Deutliche Forderung an die Sondierer, den Verbraucherschutz zu stärken.

(Foto: dpa)

BerlinIm Wahlkampf inszenierte sich Martin Schulz als glühender Verbraucherschützer. „Verbraucherschutz ist für uns kein lästiges Übel und kein Markthindernis; sondern eine Frage von Fairness, Gerechtigkeit und Respekt“, erklärte er kurz vor der Bundestagswahl beim Deutschen Verbrauchertag.
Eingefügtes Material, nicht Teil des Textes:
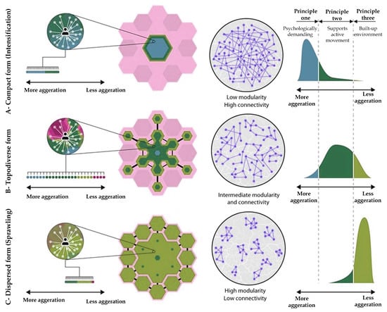 Urban form describes the physical layout, design, and spatial organization [10,38]. It encompasses the arrangement of buildings, streets, open spaces, infrastructure, and land uses within a city, as well as the patterns of connectivity and urban density. Urban form plays a crucial role in shaping cities’ functionality, livability, and sustainability, influencing various aspects of urban life: transportation, land use, social interactions, and quality of life. Different urban forms can result in distinct urban experiences and outcomes, reflecting diverse cultural, historical, economic, and geographical contexts. It fosters urban resilience to various environmental challenges and pressures [51]. For example, compact and mixed-use urban forms promote efficiency and connectivity by minimizing mobility distances between land uses, reducing energy consumption, and fostering social interaction [102,103,104]. Additionally, it supports public transportation networks, reducing reliance on private vehicles and mitigating traffic congestion and air pollution [105,106,107]. Figure 1 illustrates three forces that shape urban forms. The first is the centrifugal force, called urban proliferation, which incorporates fragmented settlements in the city’s periphery or diffused-haphazard buildings characterized by low density with the existing urban masses [108,109]. The second is the centripetal force, called “compactness forces” or monocentric high-density development, which intensifies built-up areas through infill development, reusing brownfields, and replacing existing buildings with new ones [104,110,111]. The hybrid force, also known as the topo-diverse form, is the last [112]. The topo-diverse city, as envisioned by Samuelsson, represents an urban form that adheres to these principles. It is characterized by a macroscale polycentric structure, balancing spatial containment and urban sprawl. This form supports active movement and psychological restoration, providing a variety of environments that cater to different needs and preferences.
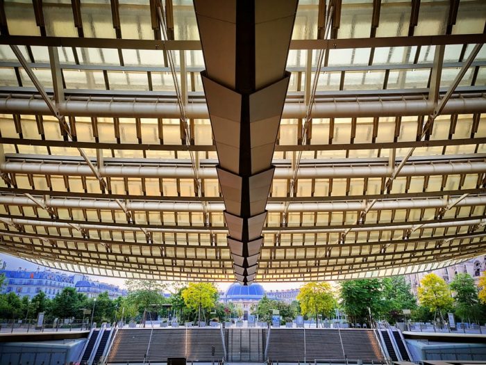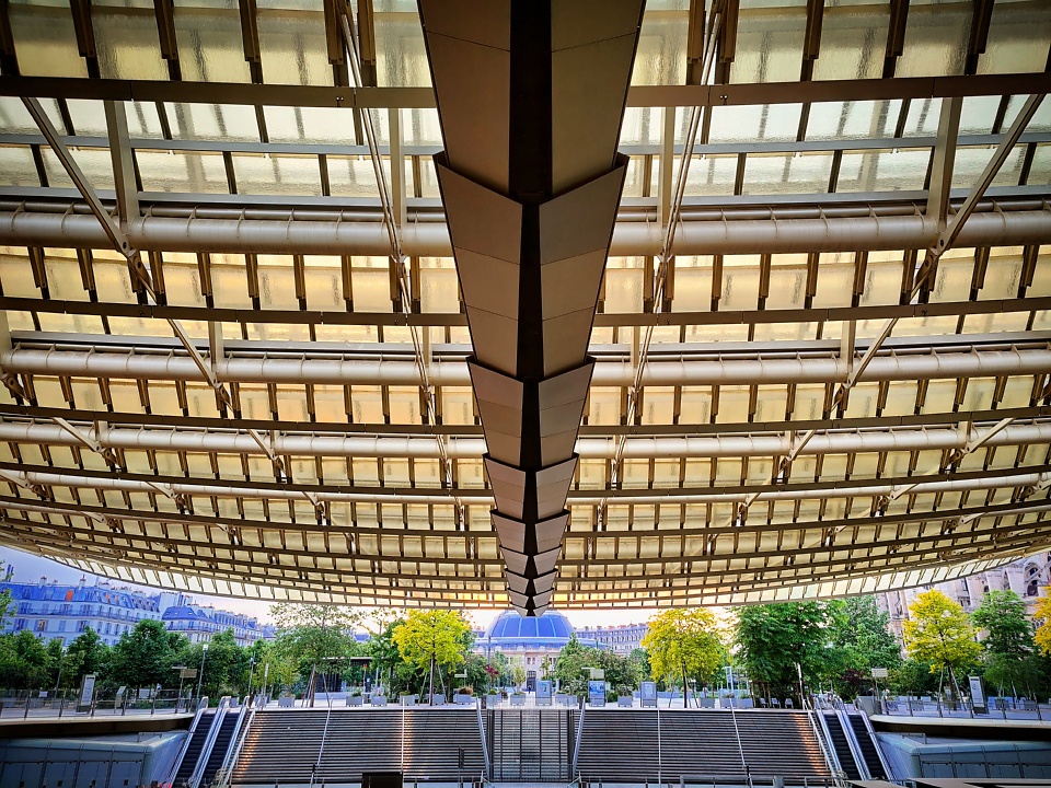 A quelques encablures de là, ce sont les Halles à proprement parler, et surtout la Canopée qui est le nouveau marqueur architectural du quartier. J’aime beaucoup ce que les Halles sont devenues, contrairement à beaucoup d’autres gens qui trouvent que c’est une archi trop lourde et écrasante. Et pourtant ils ont raison, c’est vrai que c’est une ossature loin d’être aérienne, mais j’aime son squelette et sa colonne vertébrale métalliques. Et complètement vidée, elle a plutôt de la gueule selon moi.

Monate später sieht die Welt anders aus.

Nach dem Abschluss der Sondierungsgespräche zwischen Union und SPD sehen die Verbraucherschützer Licht und Schatten im finalen Ergebnispapier. Vor allem eine Sache stößt dem Chef des Verbraucherzentrale Bundesverbands (VZBV), Klaus Müller, bitter auf: „Die im Kapitel zu Verbraucherschutz genannten drei Sätze sind zu dünn“, sagte Müller. In den Koalitionsverhandlungen müssten die Parteien daher „dringend erklären, welchen Stellenwert für sie der Verbraucherschutz insgesamt hat, also die Interessen und Rechte von 80 Millionen Menschen in Deutschland“.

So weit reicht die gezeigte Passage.